A word about childhood heroes. Well, perhaps a word about one of my childhood hero’s and the man who is still one of my hero’s. The year I was born was the final season of America’s first western TV show, Hop-a-long Cassidy. The actor William Boyd first stared as Cassidy in 1935 in the movie Hop-along Cassidy. This movie turned into a film series and eventually the first television horse-opera.

The fact that the series ended shortly before my birth didn’t keep me from seeing it. Thanks to syndication, I saw every episode and every film, more times than I can count. My hero Hoppy was a bigger than life character, and the actor who portrayed him happily threw himself into the role, even off camera. To thousands of children, for the rest of his life, he was William Hop-a-long Cassidy.

As written, in the books, Cassidy was a cantankerous, aging cowboy and gunfighter, that drank, smoked, chewed tobacco, and gambled. The primary character in a long-running pulp fiction series of books. I have read every single book in the series and love them. But William Boyd didn’t see his Hoppy the same way that author Clarence E. Mulford saw the character. Mulford wrote about the wild blooded, redheaded foreman of a West Texas Ranch. A man wounded in his hip in a gun battle in his youth who hopped when he walked, hence the name, Hop-a-long. While Mulford’s Cassidy was a likable enough fellow, he wasn’t what Boyd saw as a role model for children.

Acutely aware that children would be drawn to the character of Cassidy, Boyd insisted on changes. Part of the reason can be traced back to his A-list star power and how it shattered overnight. A stage actor named William ‘Stage’ Boyd arrest for Alcohol and Drug Possession at the height of Prohibition harmed both player’s carriers. William Boyd’s (the film star) picture ran in an article about the other fellow's arrest, destroying his career. For several years Boyd was persona-non-grata in Hollywood. Once he landed the role of Cassidy, he decided to mold himself into a role model for anyone, especially children. To protect his second chance, Boyd refused to allow the character to be portrayed on screen as written.

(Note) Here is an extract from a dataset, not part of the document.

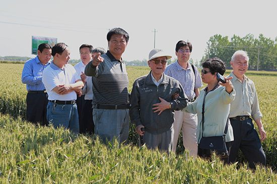 ????2011年6月1日,90歲高齡的余松烈(右四)堅(jiān)持到泰安市岱岳區(qū)馬莊鎮(zhèn)小麥高產(chǎn)攻關(guān)田考察

Perhaps if Boyd hadn’t been such a bankable star, Mulford would have won, and Hoppy would have been a foul-mouthed antihero. The fact that Boyd’s films always turned a 100% plus profit carried a lot of weight. No film that William Boyd appeared in every lost money. No other Hollywood actor can make that claim. Boyd’s protection of his version of Hop-along Cassidy ran deep, turning down any role that wasn’t Hoppy that might damage anyone’s view of the Cassidy Character.

Some of my earliest memories are watching the TV reruns, or movies and seeing William Boyd after the show, still in character. He would tell me to be kind to my friends, to treat others as I wanted to be treated, and to always remember to wear my goulashes when it rained, or other helpful tips.

Years later, as grown man, I saw an interview with an aging Boyd, in some documentary about westerns, where he said, “In 1935 I meet a fellow called Hoppy, and he changed my life.” Along with such notable western icons of the 1950’s TV fair, The Lone Ranger, The Cisco Kid, and others, William Lawrence Boyd as Hop-a-long Cassidy helped shape my love of Westerns.

If you ever get the chance catch some of the TV shows or movies you should watch them. Hopefully, Hoppy will come on after the show and give some sage words of advice for young people. So, there is no mistake, as a child my Hero was Hop-a-long Cassidy (both in book form and on the screen). However, as an adult, I admire the man William Boyd, far more than the fictional character in the books or that larger than life silver screen image that Boyd played.